Right wing violence is far more dangerous than Islamist terrorism, despite what the hype of governments and media suggest.

The International Centre for Counter-Terrorism investigated terrorist acts in 30 European states between the 2000 and 2014.

The researchers expected to find that a majority of those responsible were motivated by religion. In fact, their investigation, Countering lone actor terrorism, found religiously driven acts accounted for only a handful of fatalities. Right wing terrorists were much more lethal, accounting for nearly half of all deaths.

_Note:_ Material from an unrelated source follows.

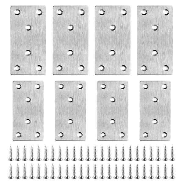 8 Pcs Flat Brackets for Wood, Heavy Duty Flat Joining Plates, Sleeper Brackets Stainless Steel, Metal Mending Plates for Wood with Screws for Board Joint Fixing (80 x 40 x 1.5mm + 100 x 50 x 1.5mm)

The Guardian quoted co-author Melanie Smith on this: “It became clear that actually the vast majority [of resources] were going to looking for religiously inspired terrorists … which kind of made sense to us because that’s what we were expecting too, but that’s not the case”. 

Islamophobic prejudices explain the distorted coverage and focus.

Focused on the violent edge, the report acknowledges that this fringe is connected to much bigger right wing groups. Pegida in Germany, UKIP in Britain, the Front National in France and similar groups in Sweden and the Netherlands are all associated with right wing terrorists. At the very least they provide “moral oxygen” to the terrorists with hateful demonstrations and vicious rhetoric.

Nationalist, anti-immigrant and Islamophobic sentiments drive the far right. These ideas are familiar to governments happy to scapegoat asylum seekers and demonise Muslims.

“The most frequent targets were civilians”, the report says, “in particular ethnic and religious minorities, asylum seekers and immigrants. A large majority of religious targets were Muslim”.

Germany alone recorded over 220 attacks on refugee homes in 2015. Far from bearing responsibility for violence, Muslims and asylum seekers are the targets.